» WORK REQUEST
Skip the pictures and write out, word for word, the lines below from the one with "코드에서 보다시피 MainViewModel에" through the one with "三、报价方式:按2019年8", inclusive.

» THE DATA
• • • • • • •
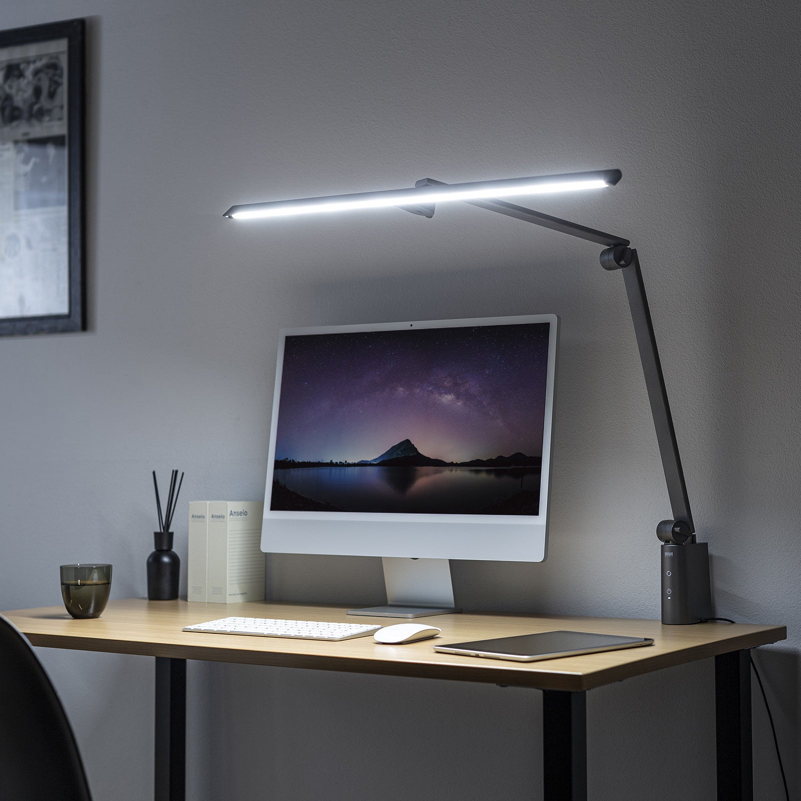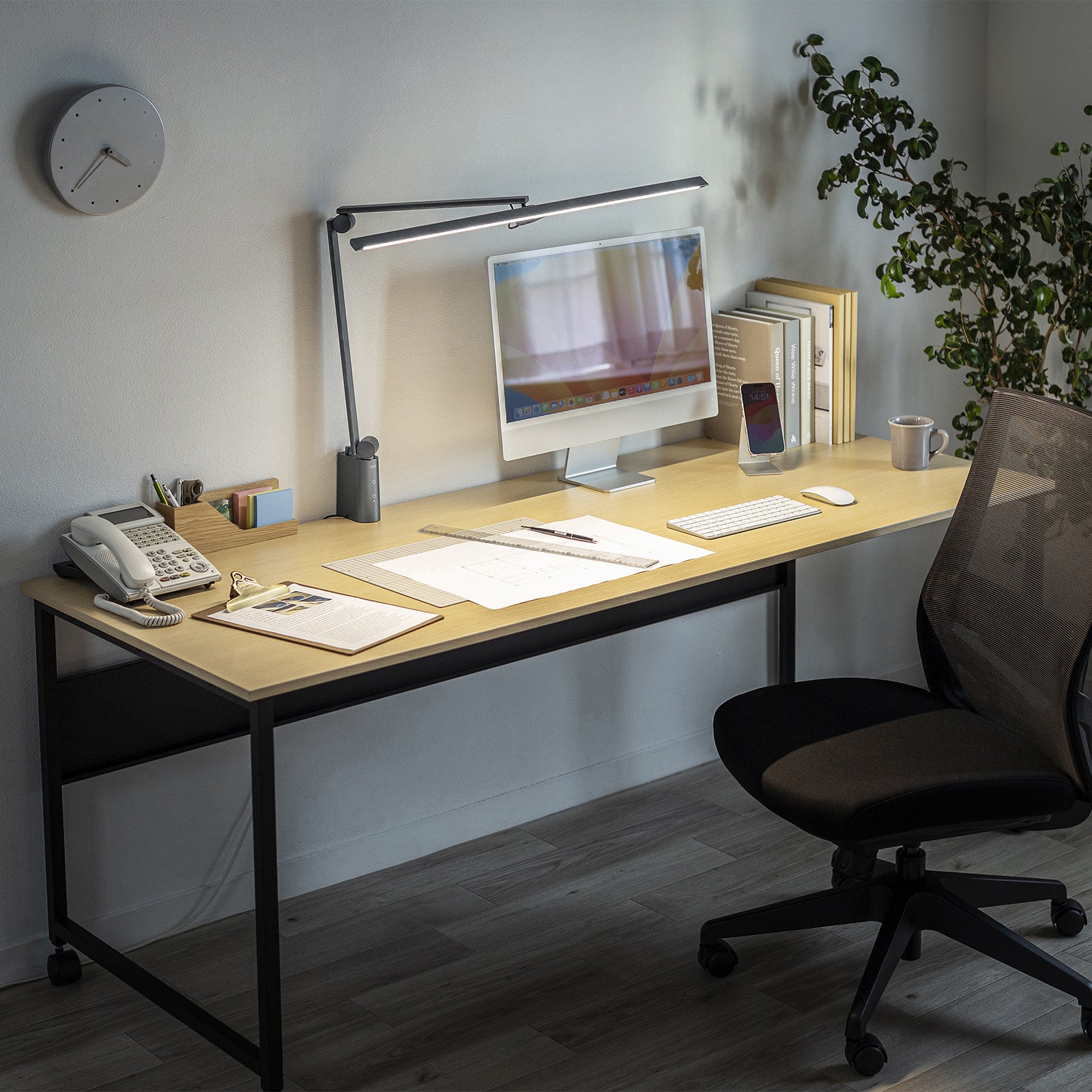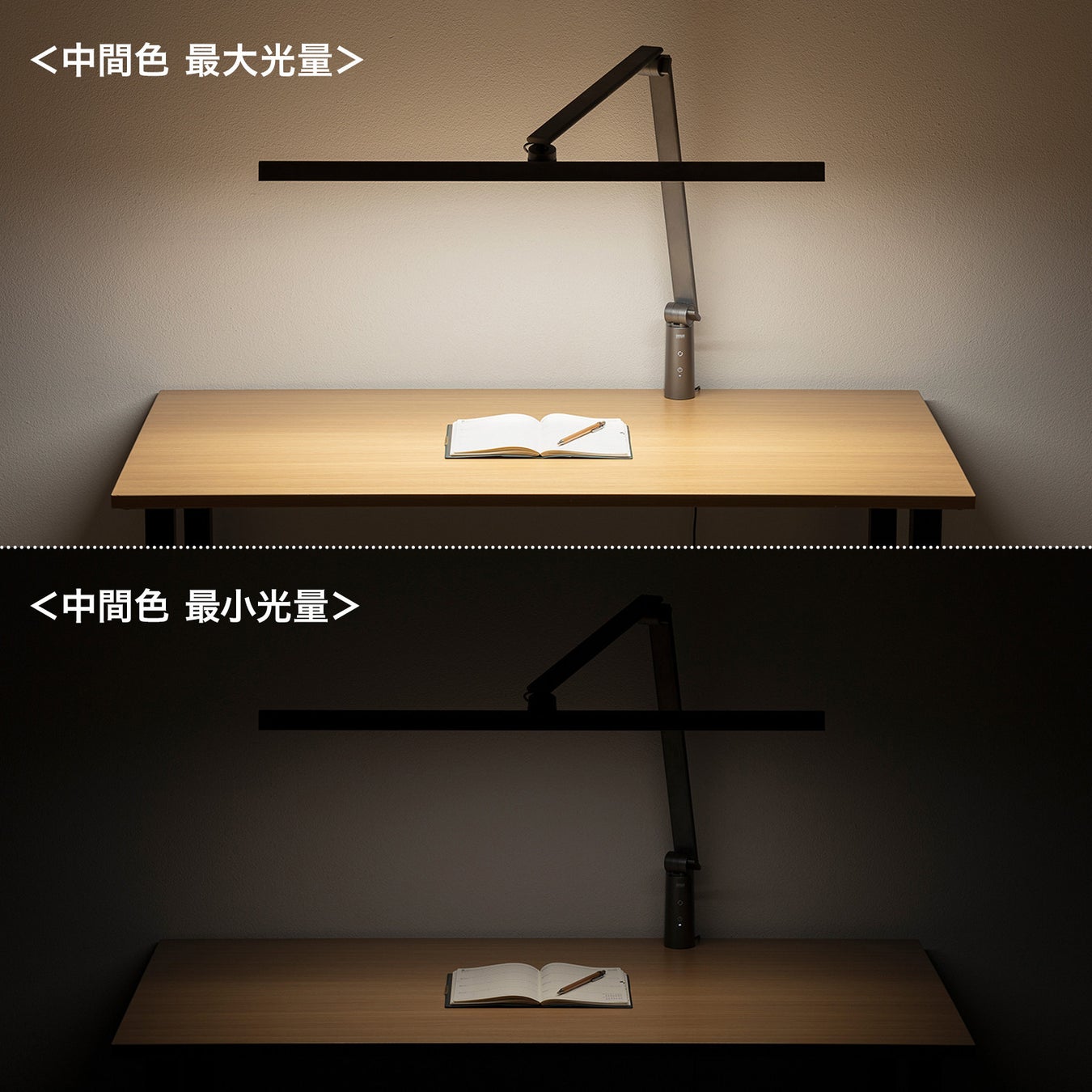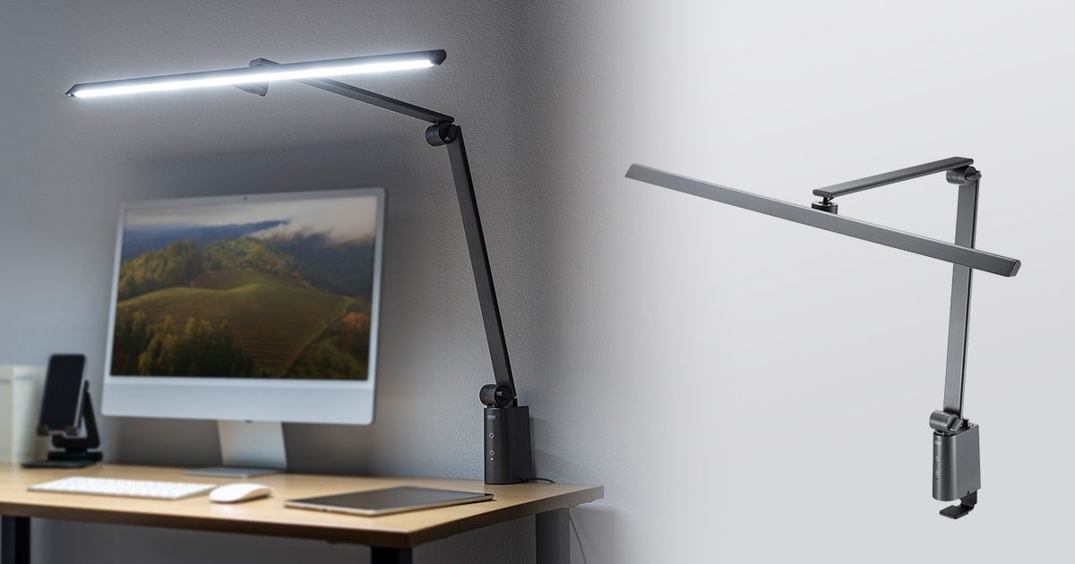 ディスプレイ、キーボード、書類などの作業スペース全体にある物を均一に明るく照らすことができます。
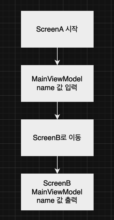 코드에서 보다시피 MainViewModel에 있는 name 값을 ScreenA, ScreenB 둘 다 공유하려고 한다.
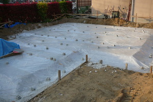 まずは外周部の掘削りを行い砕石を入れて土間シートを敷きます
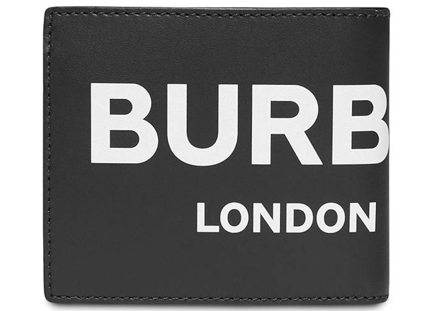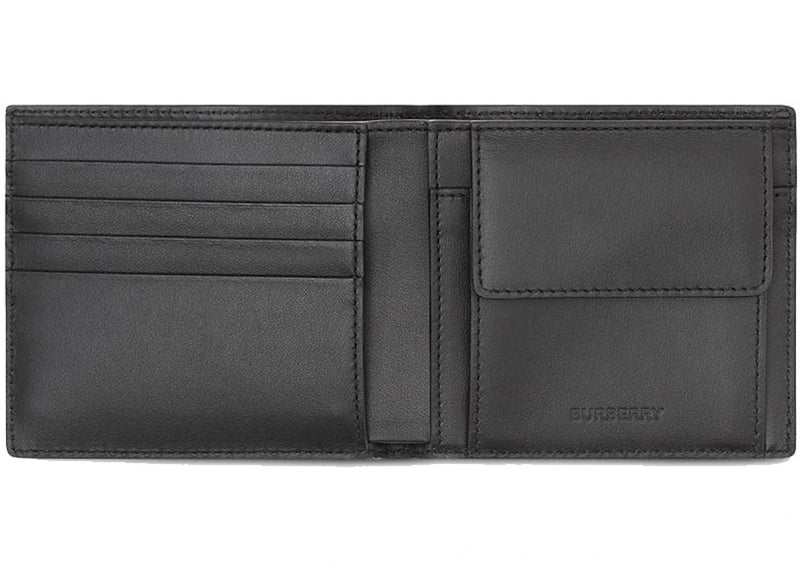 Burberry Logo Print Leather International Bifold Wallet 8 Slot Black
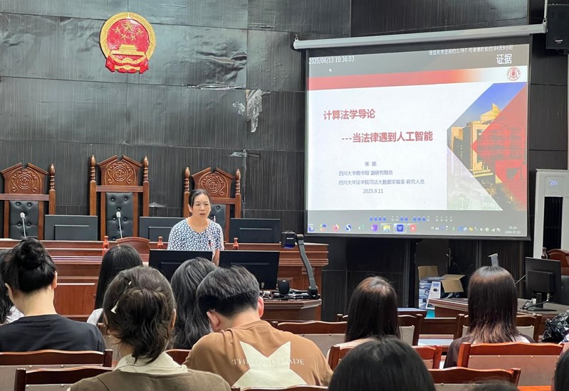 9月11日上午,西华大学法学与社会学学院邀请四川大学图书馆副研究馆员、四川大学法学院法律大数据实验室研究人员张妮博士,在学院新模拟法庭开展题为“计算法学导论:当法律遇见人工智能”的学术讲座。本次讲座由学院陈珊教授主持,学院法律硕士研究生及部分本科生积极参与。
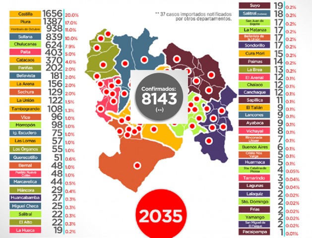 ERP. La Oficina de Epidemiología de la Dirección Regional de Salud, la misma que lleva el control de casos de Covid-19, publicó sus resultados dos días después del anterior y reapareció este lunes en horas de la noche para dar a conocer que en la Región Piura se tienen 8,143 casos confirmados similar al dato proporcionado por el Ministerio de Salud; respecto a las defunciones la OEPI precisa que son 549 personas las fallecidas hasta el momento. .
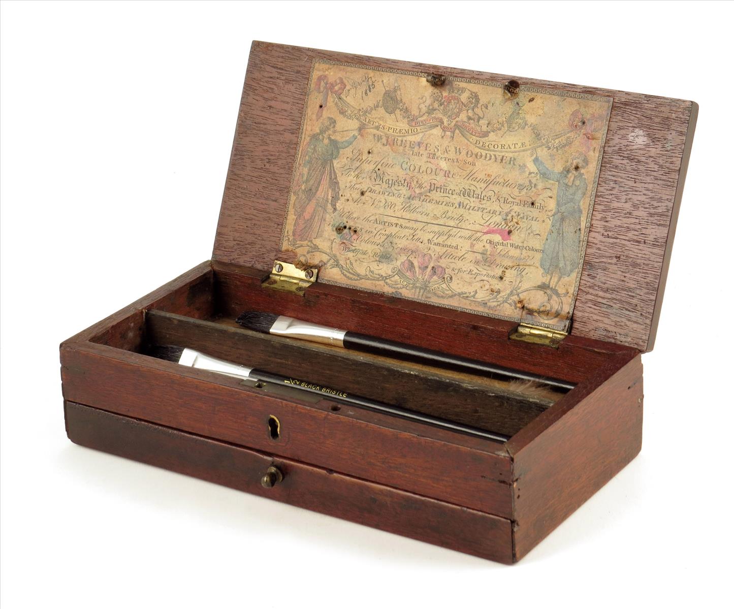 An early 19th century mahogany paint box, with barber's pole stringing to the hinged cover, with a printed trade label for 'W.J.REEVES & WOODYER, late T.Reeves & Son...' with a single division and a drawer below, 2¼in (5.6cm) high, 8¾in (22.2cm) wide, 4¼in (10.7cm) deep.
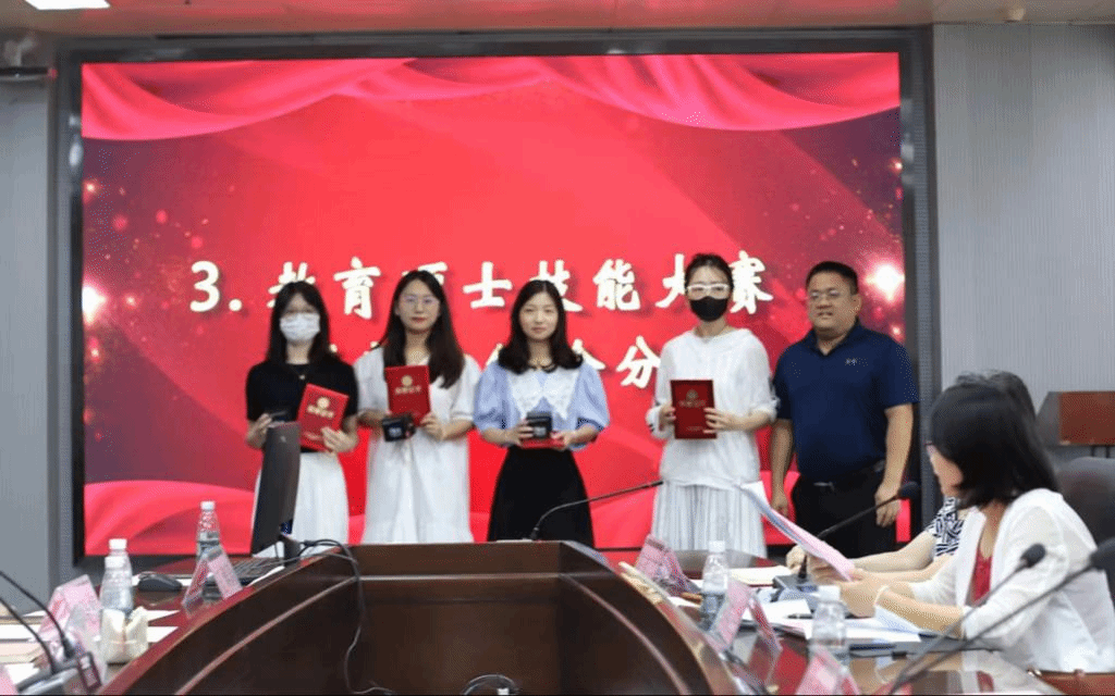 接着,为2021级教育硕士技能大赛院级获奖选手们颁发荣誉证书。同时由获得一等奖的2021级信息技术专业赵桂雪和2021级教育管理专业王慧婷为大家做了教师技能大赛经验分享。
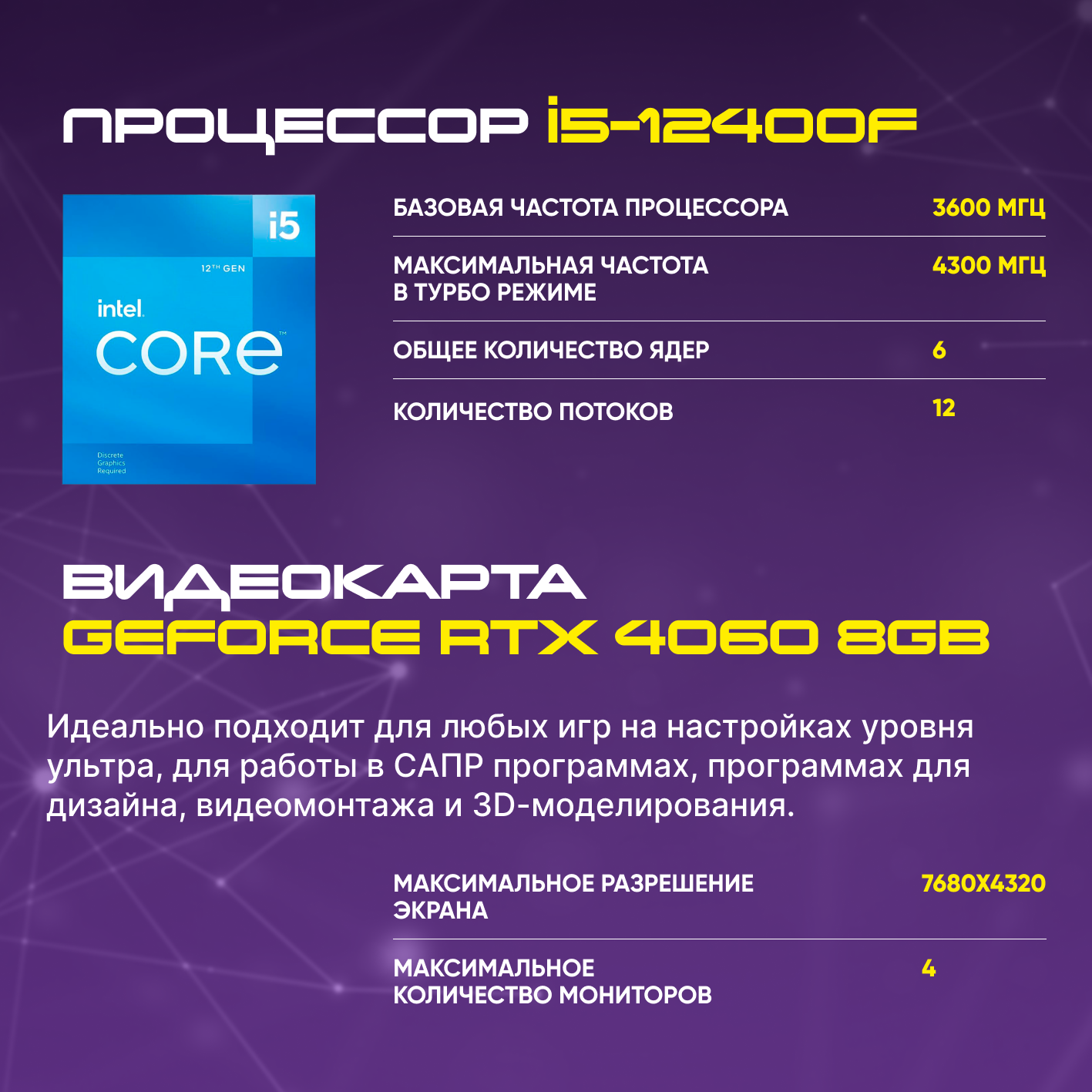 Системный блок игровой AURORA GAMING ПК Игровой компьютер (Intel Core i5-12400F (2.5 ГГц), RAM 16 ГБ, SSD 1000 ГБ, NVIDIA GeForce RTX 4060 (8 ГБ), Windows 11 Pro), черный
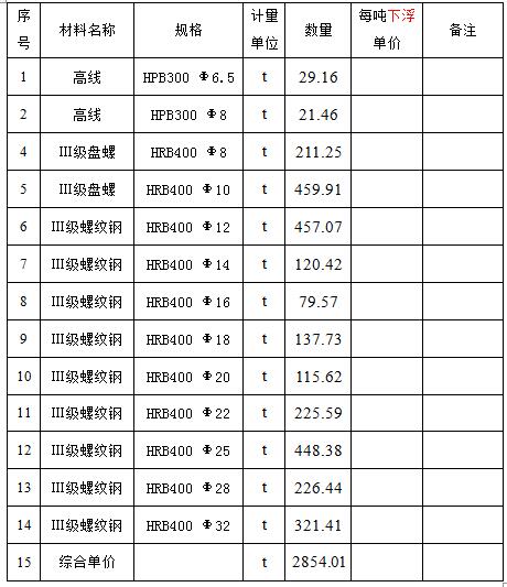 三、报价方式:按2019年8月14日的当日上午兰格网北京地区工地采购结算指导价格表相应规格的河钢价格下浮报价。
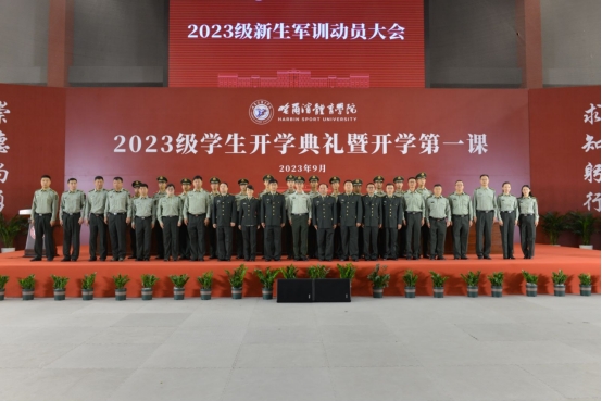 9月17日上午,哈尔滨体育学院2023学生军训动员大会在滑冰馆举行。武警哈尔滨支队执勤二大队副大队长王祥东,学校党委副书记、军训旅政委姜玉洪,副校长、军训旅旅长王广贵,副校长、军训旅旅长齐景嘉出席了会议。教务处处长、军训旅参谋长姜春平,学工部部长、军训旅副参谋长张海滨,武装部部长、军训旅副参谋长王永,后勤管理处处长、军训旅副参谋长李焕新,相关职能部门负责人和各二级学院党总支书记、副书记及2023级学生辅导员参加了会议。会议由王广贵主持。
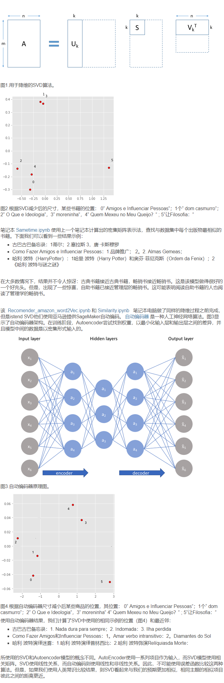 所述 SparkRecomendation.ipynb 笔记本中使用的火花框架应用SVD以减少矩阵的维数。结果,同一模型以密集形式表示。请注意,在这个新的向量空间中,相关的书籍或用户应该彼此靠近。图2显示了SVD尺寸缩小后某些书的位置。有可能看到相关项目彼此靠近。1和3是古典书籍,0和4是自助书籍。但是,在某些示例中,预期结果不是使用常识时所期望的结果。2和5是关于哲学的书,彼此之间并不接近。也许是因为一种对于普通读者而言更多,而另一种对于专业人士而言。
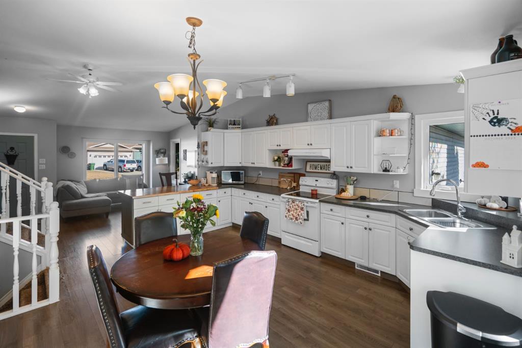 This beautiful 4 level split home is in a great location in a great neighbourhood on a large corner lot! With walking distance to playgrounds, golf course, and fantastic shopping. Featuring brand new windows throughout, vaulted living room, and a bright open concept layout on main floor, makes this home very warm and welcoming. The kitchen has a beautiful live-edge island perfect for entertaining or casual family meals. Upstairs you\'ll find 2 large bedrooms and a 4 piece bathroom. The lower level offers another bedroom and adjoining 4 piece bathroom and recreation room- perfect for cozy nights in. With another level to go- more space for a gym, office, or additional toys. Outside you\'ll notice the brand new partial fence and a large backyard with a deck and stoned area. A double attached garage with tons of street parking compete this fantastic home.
• • • • • • •
» RESPONSE
 코드에서 보다시피 MainViewModel에 있는 name 값을 ScreenA, ScreenB 둘 다 공유하려고 한다.
 まずは外周部の掘削りを行い砕石を入れて土間シートを敷きます
 Burberry Logo Print Leather International Bifold Wallet 8 Slot Black
 9月11日上午,西华大学法学与社会学学院邀请四川大学图书馆副研究馆员、四川大学法学院法律大数据实验室研究人员张妮博士,在学院新模拟法庭开展题为“计算法学导论:当法律遇见人工智能”的学术讲座。本次讲座由学院陈珊教授主持,学院法律硕士研究生及部分本科生积极参与。
 ERP. La Oficina de Epidemiología de la Dirección Regional de Salud, la misma que lleva el control de casos de Covid-19, publicó sus resultados dos días después del anterior y reapareció este lunes en horas de la noche para dar a conocer que en la Región Piura se tienen 8,143 casos confirmados similar al dato proporcionado por el Ministerio de Salud; respecto a las defunciones la OEPI precisa que son 549 personas las fallecidas hasta el momento. .
 An early 19th century mahogany paint box, with barber's pole stringing to the hinged cover, with a printed trade label for 'W.J.REEVES & WOODYER, late T.Reeves & Son...' with a single division and a drawer below, 2¼in (5.6cm) high, 8¾in (22.2cm) wide, 4¼in (10.7cm) deep.
 接着,为2021级教育硕士技能大赛院级获奖选手们颁发荣誉证书。同时由获得一等奖的2021级信息技术专业赵桂雪和2021级教育管理专业王慧婷为大家做了教师技能大赛经验分享。
 Системный блок игровой AURORA GAMING ПК Игровой компьютер (Intel Core i5-12400F (2.5 ГГц), RAM 16 ГБ, SSD 1000 ГБ, NVIDIA GeForce RTX 4060 (8 ГБ), Windows 11 Pro), черный
 三、报价方式:按2019年8月14日的当日上午兰格网北京地区工地采购结算指导价格表相应规格的河钢价格下浮报价。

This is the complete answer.